The pound was set for a weekly advance versus the dollar as investors bet the U.S. debt ceiling debate will prompt the Federal Reserve to maintain asset purchases that tend to weaken a currency.
Sterling also headed for a weekly advance against the euro as data showed the U.K. economy is gaining momentum. U.S. President Barack Obama signed into law a measure ending the 16-day government shutdown and extending the nation’s borrowing authority until early next year, averting a default. The U.K. Debt Management Office is scheduled to auction 2 billion pounds ($3.23 billion) of bills.
The pound was little changed at $1.6180 as of 7:41 a.m. London time after climbing 1.3 percent yesterday, the biggest gain since Sept. 18. It has risen 1.4 percent versus the U.S. currency this week, the most since the period ended Sept. 13. Sterling was also little changed at 84.58 pence per euro, having strengthened 0.4 percent this week.

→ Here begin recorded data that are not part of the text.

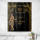 Bannière de bienvenue élégante en faux or et glamour, décoration murale ou toile de fond pour une fête d'anniversaire sur le thème des années 1920 pour 50 ans (ou tout âge) ! Style art déco en faux or et noir pour une célébration glamour. Décoré avec une fille flapper style années 1920, motif style art déco et feux d'artifice. Personnalisez et ajoutez l'âge 50 et un nom. Peut être utilisé comme bannière de bienvenue, décoration murale de fête ou comme toile de fond pour un photomaton.
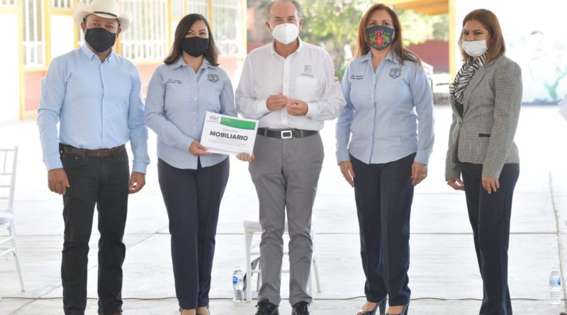 Durante el evento, las escuelas Primarias “Felipe de Jesús Espinoza”, “Tierra y Libertad” y la Secundaria “Plan de San Luis”, recibieron mobiliario y equipo didáctico, lo que permitirá que alumnos y docentes cuenten con más y mejores herramientas.
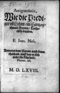 | 17 | Johannes Nas: Antigratulatio, Wie die Prediger vnd Lehrer / im Hertzogthumb Bayern / Lutherisch worden, Ingolstadt 1568. |
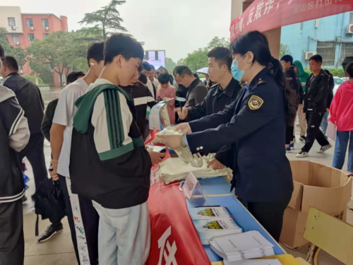 另一邊,向山市場(chǎng)監(jiān)管所聯(lián)合向山鎮(zhèn)綜治中心在馬鞍山工業(yè)學(xué)校開展了“禁傳銷,反欺詐,共建和諧社會(huì)”為主題的防范傳銷進(jìn)校園宣傳活動(dòng)。
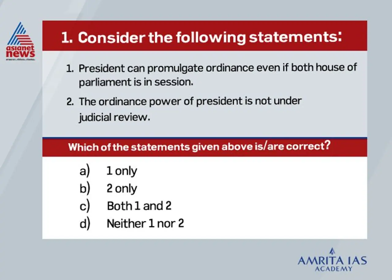 ഇന്ത്യന് ബ്യൂറോക്രസിയുടെ ഏറ്റവും ഉയര്ന്ന പദവികളിലേക്കുള്ള പരീക്ഷയായ സിവില് സര്വ്വീസ് പരീക്ഷയ്ക്കായി ഏഷ്യാനെറ്റ് ഓണ്ലൈനും അമൃത ഐഎഎസ് അക്കാദമിയും ചേര്ന്നൊരുക്കുന്ന ചോദ്യമാതൃകയുടെ ഏഴാം ഭാഗം.
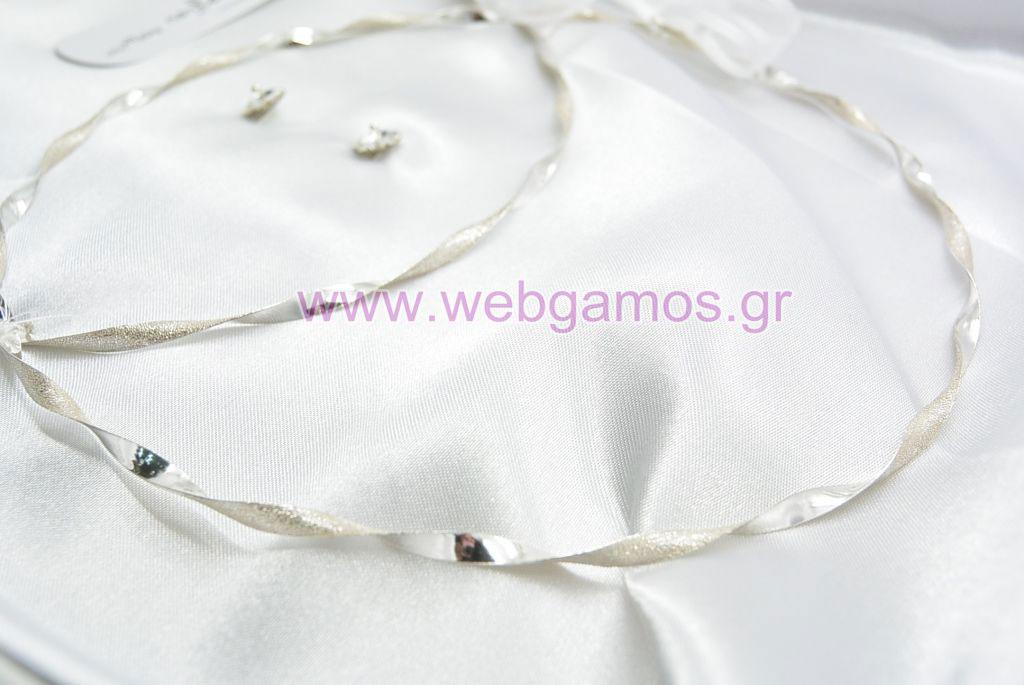 Στέφανα Γάμου ασημένια διαμανταριστά, γυαλιστερά. Η τιμή αφορά τα στέφανα, την στεφανοθήκη και 2 μπουτουνιέρες.
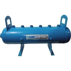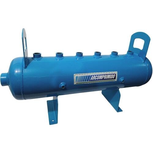 Distribuidor de ar comprimido DH25-6 (mod.1) com 02 conexões nas calotas, 01 de 2'' e 01 de 1". 06 saídas superior de 1". Luvas laterais para acessórios de segurança (manômetro e válvula de segurança) de 1/4'' e luva inferior de 1/4'' (dreno). Pressão máxima de trabalho 12,3kg/cm. Dimensões; Altura: 575 mm, Comprimento total: 1030 mm, Diametro corpo: 180 mm, Altura total com alça de movimentação: 575 mm. Acompanha documentação com certificado de teste hidrostático. **Este anúncio não contempla os acessórios de segurança (manômetro, válvula de segurança e dreno - necessários para uso) - podendo ser adquiridos separadamente. **O descritivo do anúncio pode ser adaptado com bujões e reduções**
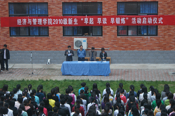 为进一步加强学风建设,营造经济与管理学院浓厚的学习氛围,引导大一新生养成良好的学习和生活习惯,促进学生“德、智、体”全面发展,经济与管理学院于10月11日早上6时30分,在10号教学楼天井举行了“早起早读早锻炼”活动启动仪式。经济与管理学院全体党政领导、辅导员和2010级全体新生参加了仪式。
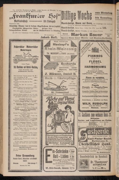 Alleiniger Vertreter für Giessen und Umgebung der Motorwagenfabrik A. Ruppe & Sohn in Apolda der Bielefelder Maschinen - Fabrik vormals Dttrkopp & Co. in Bielefeld.
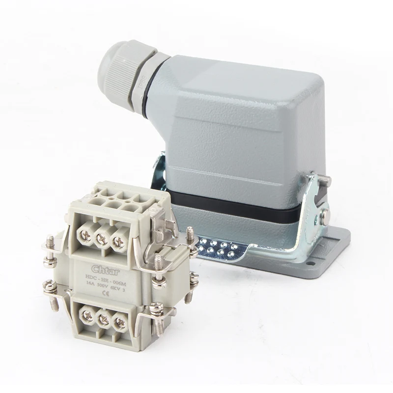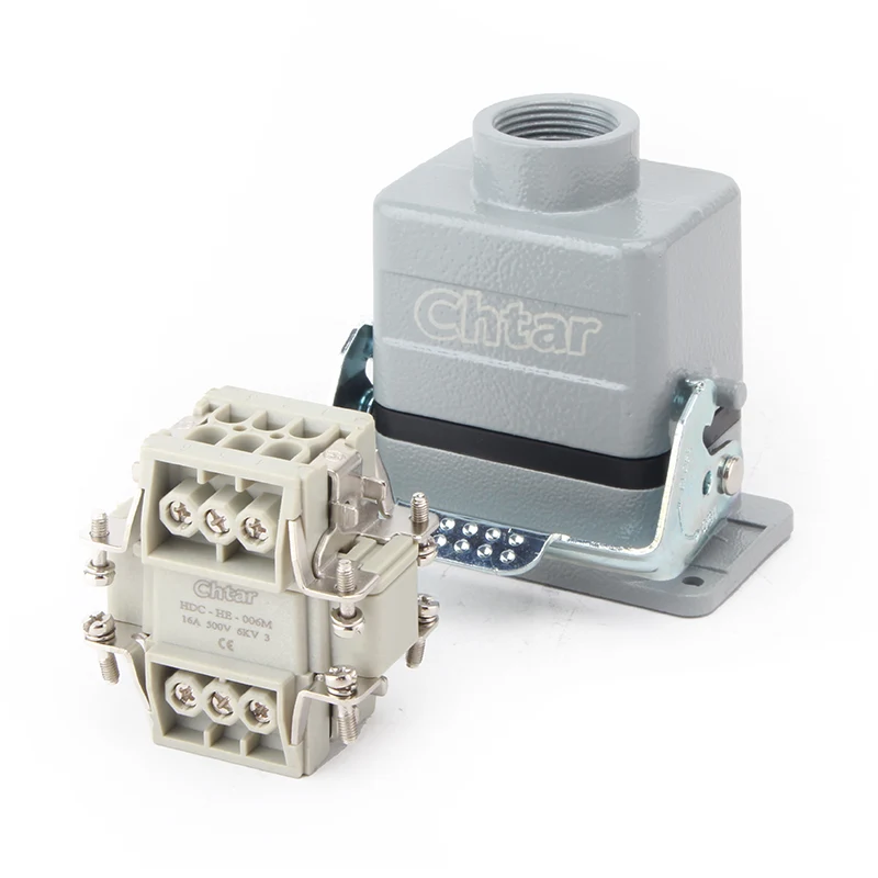 이 CHTAR 고품질 M/F 6핀 인서트 헤비듀티 커넥터는 16A H6B-TG-RO 하우징 헤비듀티 커넥터 하우징과 일치합니다. 알루미늄 하우징에 조립할 수 있도록 견고한 PC 재질과 4+1 핀으로 만들어졌습니다. 특정 사양에 관심이 있으시거나 궁금하신 점이 있으시면 언제든지 연락주세요!

Data yesterday showed U.K. retail sales rose more than analysts forecast last month, following an Oct. 16 report that showed jobless claims fell in September by the most in 16 years.
The pound appreciated 5.2 percent in the past six months, the best performer among 10 developed-nation currencies tracked by Bloomberg Correlation-Weighted Indexes. The euro strengthened 4 percent, while the dollar weakened 1.3 percent.
U.K. government bonds lost 3.2 percent this year through yesterday, according to Bloomberg World Bond Indexes. Treasuries dropped 2.2 percent and German securities declined 2 percent.